Eleven years ago, the Government Accountability Office (GAO) issued a report about NASA’s effectiveness—or lack of effectiveness—as a knowledge organization. Ed Hoffman Conducting its audit in the aftermath of the failures of the Mars Polar Lander and the Mars Climate Orbiter, GAO found “fundamental weaknesses in the collection and sharing of lessons learned agency-wide.” GAO concluded that, “NASA needs to strengthen its lessons learning in the context of its overall efforts to develop and implement an effective knowledge management program.”

The GAO report spurred a new focus on knowledge across NASA. Many centers and mission directorates either initiated or formalized existing knowledge management efforts.
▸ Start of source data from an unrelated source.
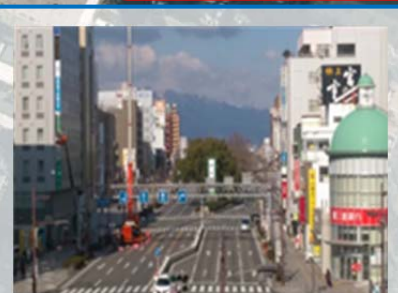
近鉄四日市駅ホームから西側の眺望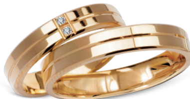
model 267K*, szerokość 4mm 2 diamenty o łącznej masie 0,02ct model 267*, szerokość 4mm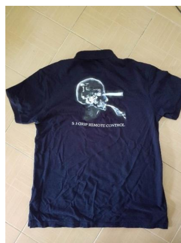
รูปที่ 3.2 เครื่องแบบของ บริษัท เอส.เจ.กริป เซอร์วิส จำกัด

This was a start, but it did not solve the issue overnight. Following the Columbia accident a year later, the Columbia Accident Investigation Board wrote that, “NASA’s current organization has not demonstrated the characteristics of a learning organization.” The persistence of the problem showed that knowledge effectiveness depends on more than just systems for sharing lessons learned or best practices. It also requires an open culture in which people can speak openly about what they know without fear of retribution. There was more work to be done.

Today, NASA is a different organization than it was a decade ago. The importance of knowledge has been recognized throughout the agency. When tough programmatic decisions arise, leaders such as Chief Engineer Mike Ryschkewitsch encourage capturing those stories as case studies or articles that include rich context and quotes from multiple practitioners with divergent views. Painstaking efforts have been made to document the closeout of Space Shuttle and Constellation to preserve the invaluable knowledge developed in the course of those programs. Every center and mission directorate has either a chief knowledge officer or a point of contact to serve as the advocate for the knowledge needs of the organization’s practitioners. Cross-agency support organizations such as the NASA Safety Center and the NASA Engineering Network foster knowledge exchanges that connect practitioners throughout the agency. These interwoven threads are helping create a resilient knowledge organization.
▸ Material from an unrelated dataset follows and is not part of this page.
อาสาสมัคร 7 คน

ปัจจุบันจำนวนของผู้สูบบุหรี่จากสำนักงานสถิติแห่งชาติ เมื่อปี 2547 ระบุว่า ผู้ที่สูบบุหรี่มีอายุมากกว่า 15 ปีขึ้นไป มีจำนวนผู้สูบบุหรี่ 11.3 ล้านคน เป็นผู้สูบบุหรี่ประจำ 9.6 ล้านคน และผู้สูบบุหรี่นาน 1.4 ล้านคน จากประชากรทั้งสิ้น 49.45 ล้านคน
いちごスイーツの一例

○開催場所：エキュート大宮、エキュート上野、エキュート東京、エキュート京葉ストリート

We are not there yet. Knowledge is not universally accessible across organizational lines. Half the NASA workforce is eligible for retirement and could walk out the door with critical knowledge that has not yet been passed on to others. Young professionals at the other end of the career path have had fewer opportunities than previous generations at NASA to get hands-on experience.

So there is plenty left to do. But it has been a decade of real progress.